Three separate layers of the stack each have their own “type”, and confusing them is the usual reason a promotion fails. They are not synonyms:
| Layer | Where | Values | What it controls |
|---|
| Cookbook | save_checkpoint(kind=...) | STATE, SAMPLER, BOTH | Which of DCP / sampler blob (or both) gets saved |
| SDK | save_weights_for_sampler_ext(checkpoint_type=...) | "base", "delta" | Whether the sampler blob is full weights or an XOR diff over the previous base (LoRA ignores this — full adapter is always saved) |
| Server | inferred from GCS contents | INFERENCE_BASE, INFERENCE_LORA, INFERENCE_ARC_V2 | Promotability — the first two promote, the third (delta) is rejected |
When the cookbook saves a SAMPLER or BOTH checkpoint, it always calls the SDK with checkpoint_type="base", which the server detects as INFERENCE_BASE (full-param) or INFERENCE_LORA (LoRA). Both are promotable. The non-promotable INFERENCE_ARC_V2 only happens if you bypass the cookbook and call save_weights_for_sampler_ext("delta") on a full-parameter run.

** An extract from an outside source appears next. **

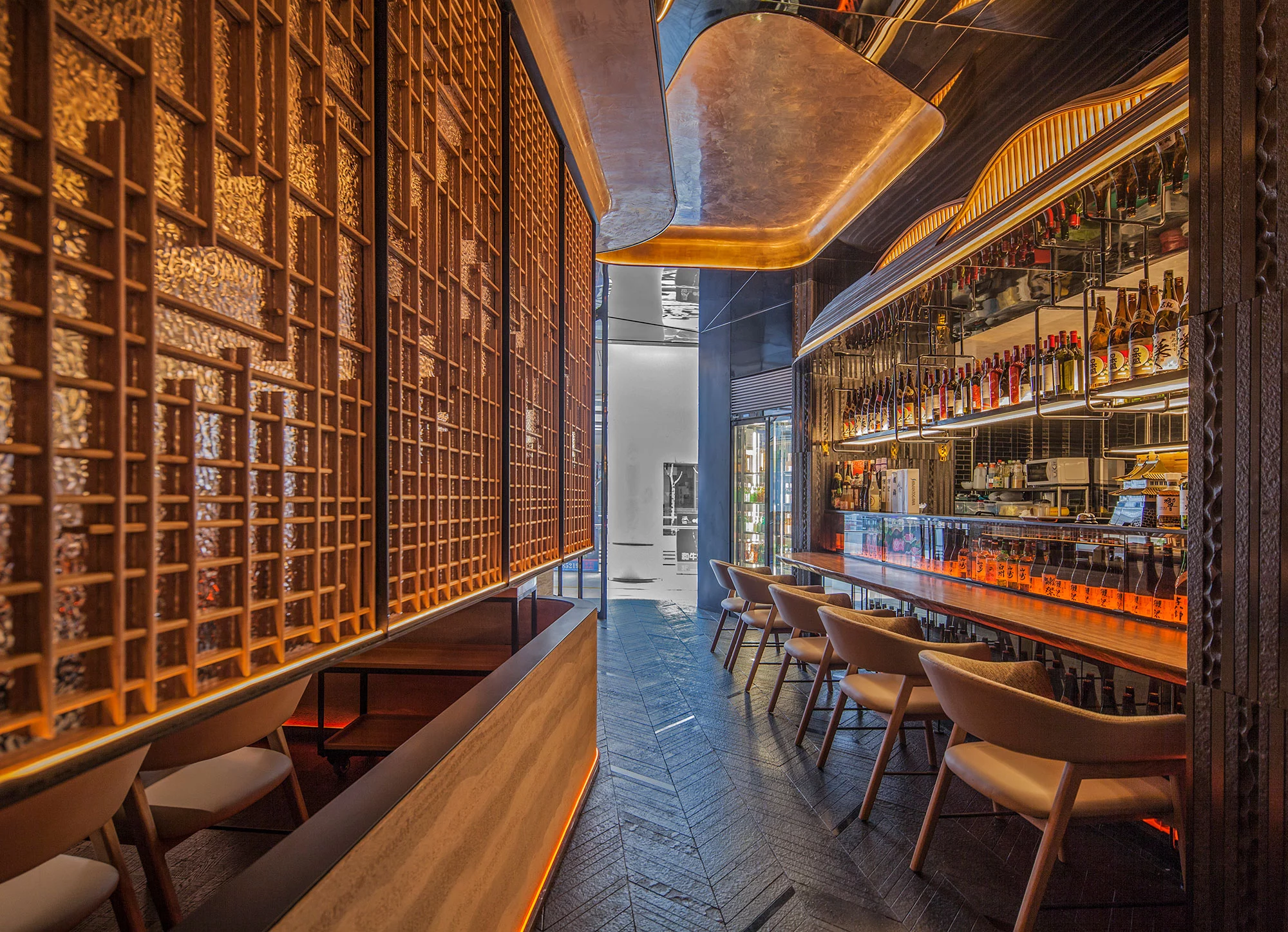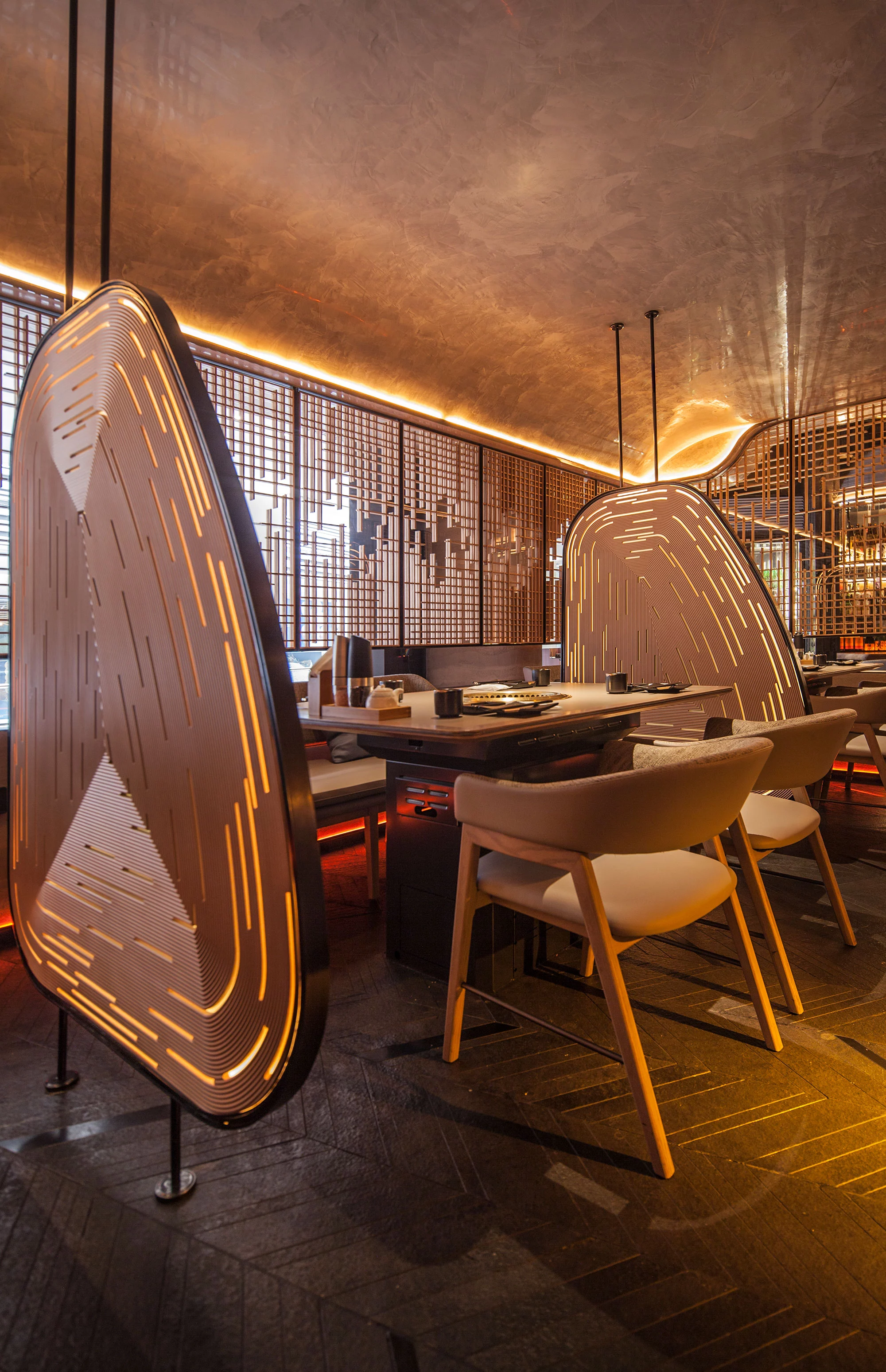 本色木格花窗与水纹玻璃的交错,部分的遮挡为空间增添一份私密感,创造出一种深层次的幻觉,让人们在流动的空间中停滞,享受其美之时却忘时间的流逝。

“Promotable” means the server will accept the blob. “Callable” means you also have the metadata needed to invoke promote_checkpoint — snapshot_name, source_job_id, and base_model. Only the cookbook writes those fields to checkpoints.jsonl automatically; every other path leaves you to capture them yourself.
| How it was saved | LoRA promotable | Full-param promotable | Metadata in checkpoints.jsonl? |
|---|
save_checkpoint(kind=STATE) | No (DCP only) | No (DCP only) | state_path only |
save_checkpoint(kind=SAMPLER|BOTH) | Yes | Yes | Yes — sampler_path + source_job_id + base_model |
save_weights_for_sampler_ext(checkpoint_type="base") | Yes | Yes | No — capture from SaveSamplerResult.snapshot_name + client.job_id |
save_weights_for_sampler_ext(checkpoint_type="delta") | Yes (server always stores full adapter) | No | No |
WeightSyncer.save_and_hotload() — first save | Yes | Yes | No |
WeightSyncer.save_and_hotload() — later saves | Yes | No | No |
If you saved via the raw SDK or WeightSyncer, the blob may be promotable but promote_checkpoint.py --checkpoints-jsonl ... won’t work out of the box — there’s no jsonl row. You must either (a) hand-build a jsonl entry with {"name", "sampler_path", "source_job_id", "base_model"} and pass it to the script, or (b) call FireworksClient.promote_checkpoint(job_id, checkpoint_id, output_model_id, base_model) directly. Prefer the cookbook’s save_checkpoint(kind=SAMPLER|BOTH) when you can.
dcp_save_interval defaults to 0 (off). Without setting it, training cannot be resumed from intermediate steps.
checkpoints.jsonl
Checkpoint metadata is written to {log_path}/checkpoints.jsonl — one JSON line per save. The fields present depend on the kind:
{"name": "step-10", "step": 10, "data_consumed": 40, "state_path": "cross_job://job-abc/step-10", "source_job_id": "job-abc", "base_model": "accounts/fireworks/models/qwen3-8b"}
{"name": "step-50", "step": 50, "data_consumed": 200, "state_path": "cross_job://job-abc/step-50", "sampler_path": "step-50-a1b2c3d4", "source_job_id": "job-abc", "base_model": "accounts/fireworks/models/qwen3-8b"}
| Field | Present in | Description |
|---|
state_path | STATE, BOTH | Remote DCP reference for resume |
sampler_path | SAMPLER, BOTH | Snapshot name for promotion |
source_job_id | All | Trainer job that created this checkpoint |
base_model | All | Base model (auto-detected by promote script) |
WeightSyncer.save_and_hotload() saves HF weights to the weight-sync bucket but does not write to checkpoints.jsonl. Those checkpoints exist remotely but are not tracked here.
Resume
Automatic (same log_path)
Just rerun with the same log_path. The recipe reads checkpoints.jsonl, finds the last entry with a state_path, loads DCP state, and continues from the saved step.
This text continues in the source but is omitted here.